Comprehensive Analysis of Roles of APOBEC3 Gene Family in Clear Cell Renal Cell Carcinoma.

Objectives: The current research focuses on a systematic analysis of the expression patterns of the apolipoprotein B editing complex 3 (APOBEC3) gene family in clear cell renal cell carcinoma (ccRCC) and their impact on disease progression, prognosis, and somatic gene mutations associated with ccRCC.

Methods: A differential expression analysis was performed using the R "limma" package, while a survival analysis was performed using Kaplan-Meier and log-rank tests. A Gene Set Enrichment Analysis performed by the R "clusterProfiler" package compared the high- and low-expression groups. The 10 genes with the highest tumor mutation frequency in the patients with ccRCC were evaluated and presented using the R "maftool" package. The Tumor Immune Estimation Resource (TIMER) algorithm was utilized to predict the immune cell infiltration levels in ccRCC.
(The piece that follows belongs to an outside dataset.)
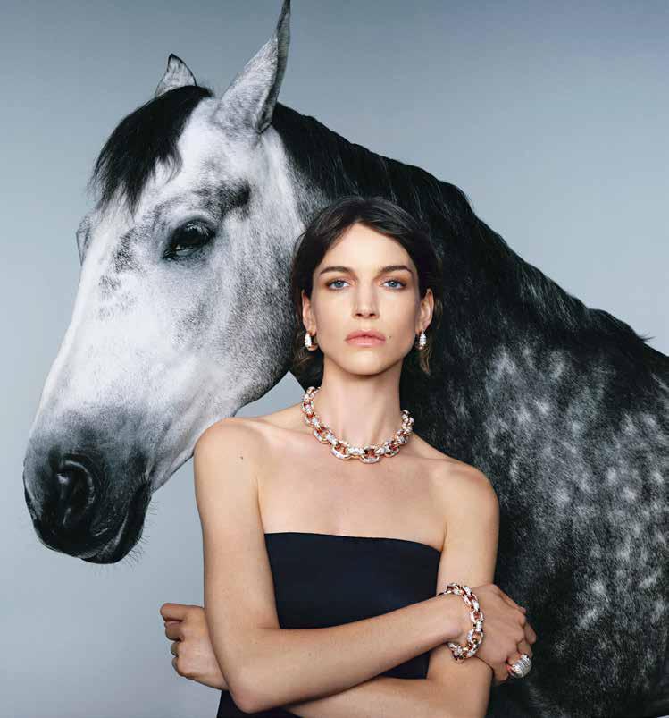 But the equestrian world goes beyond the maison’s name. The horse’s movements, captured in patterns as sunlight dances across the animal in motion, create ever-shifting mosaics of light and shadow. This vision of fluid beauty became both philosophy and foundation, inspiring Pomellato’s iconic creation: the golden chain.

Results: All members of the APOBEC3 gene family members were found to be upregulated in ccRCC tumor tissues versus adjacent normal tissues. Higher expressions of APOBEC3A, APOBEC3B, APOBEC3C, APOBEC3D, APOBEC3G, and APOBEC3H were associated with a poorer prognosis for ccRCC. Conversely, higher APOBEC3F expression was associated with a more favorable ccRCC prognosis. Mutation frequencies of genes VHL, PBRM1, TTN, SETD2, and BAP1 genes were higher in the high-expression group of various APOBEC3 compared to the low-expression group. Multiple APOBEC3 gene family (particularly APOBEC3C, APOBEC3D, APOBEC3F, APOBEC3G, and APOBEC3H) also correlated with immune cell infiltration in the ccRCC.

Conclusions: These study findings suggest that APOBEC3 genes are commonly overexpressed in ccRCC, and their expression levels are associated with poor prognosis in ccRCC, somatic gene mutations, cancer immunomodulation, and immune cell infiltration levels in the tumor microenvironment.